Младший сделал такое лицо, что не поверить ему было трудно. Как у кота из мультика про Шрека. Хоть и было противно и стыдно.
– Вот-вот. Зачем соврал, понимаю. Не виню. Понимаю, почему ты себя за ихнего выдаёшь. Они – хорошие люди. Я тоже вначале ворчал, когда они заявились… но потом поумнел. «Орда – это порядок» – такой девиз у них. Так оно и есть. Виктора только рабовладельцы и людоеды не любят. Потому что он им жизни не даёт. Но врать ты не умеешь. Мне нет разницы, чей ты. Но хорошо, что ты нашим на глаза не попался. А то вечером навестила бы мой двор компания с топорами и обрезами. Чтобы узнать, кто ты. Я про тебя пока рассказывать не буду, а ты не суйся никуда со двора. И к забору не подходи, где решётка. Только в сортир, и всё. Ничего, отлежишься, почитаешь. Тут в тумбочке журналы старые есть… Человек без подготовки редко столько проходит зимой. Поход должен был убить тебя вернее, чем радиация. Повезло, что зима не очень лютая.
– Когда было совсем холодно, я прятался и отдыхал. Зато потом пытался наверстать.
– Сумасшедший. Какая необходимость так гнать?
– Сам не знаю, – произнёс Саша. – Не знаю сам… Вы говорили про людоедов. Они тут есть?
– Тех, кто только этим живёт… нет. Человек, конечно – лёгкая добыча. Даже по сравнению с зайцем, в которого попробуй попади.
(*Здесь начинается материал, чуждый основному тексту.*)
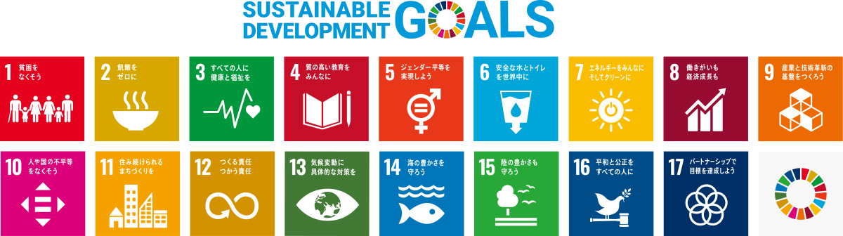 当社は『海洋・地球環境保全』を環境理念としており、SDGsの17のゴールは私たちの事業活動に欠かせない共通の目標と同じであると考えています。2030年の目標達成に向けて、社員ひとりひとりが責任を持って行動し、SDGsに関する取組を推進することにより、継続可能な社会の実現への貢献に取り組んでいきます。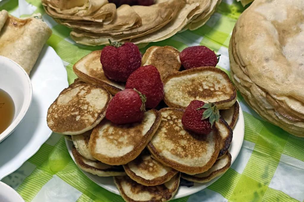 На конкурс напекли около 300 блинов. Среди кулинарных изысков было даже два блинных торта. Причём один из подготовили сторонники правильного питания. Ингредиентами для особенных блинов стали рисовая мука, миндальное молоко, яйца и сахарозаменитель, а жарились они на специальной сковороде без масла. Прослойку между блинами кулинары сделали из творога с йогуртом. Анна Смирнова, автор полезной и вкусной масленичной конструкции, награждена персональным дипломом.

Но люди почти никогда не живут по одному. Самый тупой бандит это понимает. И людоедство всё-таки не в почёте. От него болезни всякие. Прионные. Мозг разлагается. Об этом и дикари знают. Поэтому там, где можно добыть зайца или выловить карася, людей едят только в крайнем случае. Ради хороших шмоток могут напасть, да. Но какая разница, съедят тебя или нет, если топором дадут по башке? Ладно, я тебе по чесноку скажу. Мы сами табличку про Орду повесили. Как и соседи с запада, из Сатки. Ты их не видел, когда шёл?
– Вроде видел. Наверное, это они за мной гнались. Чуть не поймали.
– Они сукины дети, раньше мы им дань платили. Хозяин Сатки – Семён Максимыч, жил на острове в парке развлечений «Манькина лагуна», у него там типа крепость была. Он – потомок тех, кто в том городе правил. Присоединился к Орде, да и сгинул. Но сынки остались. Там молодёжь гопничает, шалят на дороге. Говорят, охотятся на тех, у кого мутации, чистят природу то есть. Хрен там. На самом деле – ловят любых чужаков. Наших не трогают. Они не каннибалы. Мяса не едят, только вещи ценные берут.
– Вегетарианцы, что ли? – удивлённо перебил Саша.
– Да нет, – усмехнулся доктор. – Человеческого. Обычно не убивают, только избивают и бросают на дороге. А там уже холод, звери, голод… Типа они ни при чём… Мы с ними торгуем раз в месяц. Хоть и гады, но соседи. У них табличка с ошибками: «Под зашшитой Арды», хе-хе. А я грамотный, нормально сделал.
– Почему «сахалинцы» не захотели взять их и вас реально под защиту?
– Ты не подумай, мы ничем их не огорчили. Но когда они ехали на восток, то сказали, что какое-то важное дело в Сибири ждёт. Не до нас было. А когда обратно ехали, то даже не останавливались. Мы машины узнали. Прошло несколько колонн, и торопились ещё сильнее. Какая-то у них, наверное, беда случилась… Жаль! Надеюсь, о нас ещё вспомнят.
Данилов молчал. Лицо его было каменным. Он с трудом сдержался, чтобы ни словом, ни мимикой не выдать то, что сейчас испытывал.
Вспомнилось то, о чём не хотелось вспоминать. Та сцена в санатории… То, как ездил один на могилу отца.
Ненависть заполнила место в душе, где раньше были любовь, доверие, привязанность. И это заставляло его сомневаться, что совсем недавно он был способен чувствовать теплоту и кому-то её отдавать. Сейчас хотелось только добраться до того, кто звался Уполномоченным, прострелить ему голову, перед этим увидев в его глазах животный страх. А лучше зарезать собственными руками или придушить.
Но для этого сначала надо вылечиться.
Он полистал пожелтевшие газеты и поблёкшие журналы с потрескавшимися страницами. Спорт, жизнь звёзд, советы психолога… Доктор не сказал, можно ли использовать их на растопку, но Саша решил, что нескольких тот не хватится.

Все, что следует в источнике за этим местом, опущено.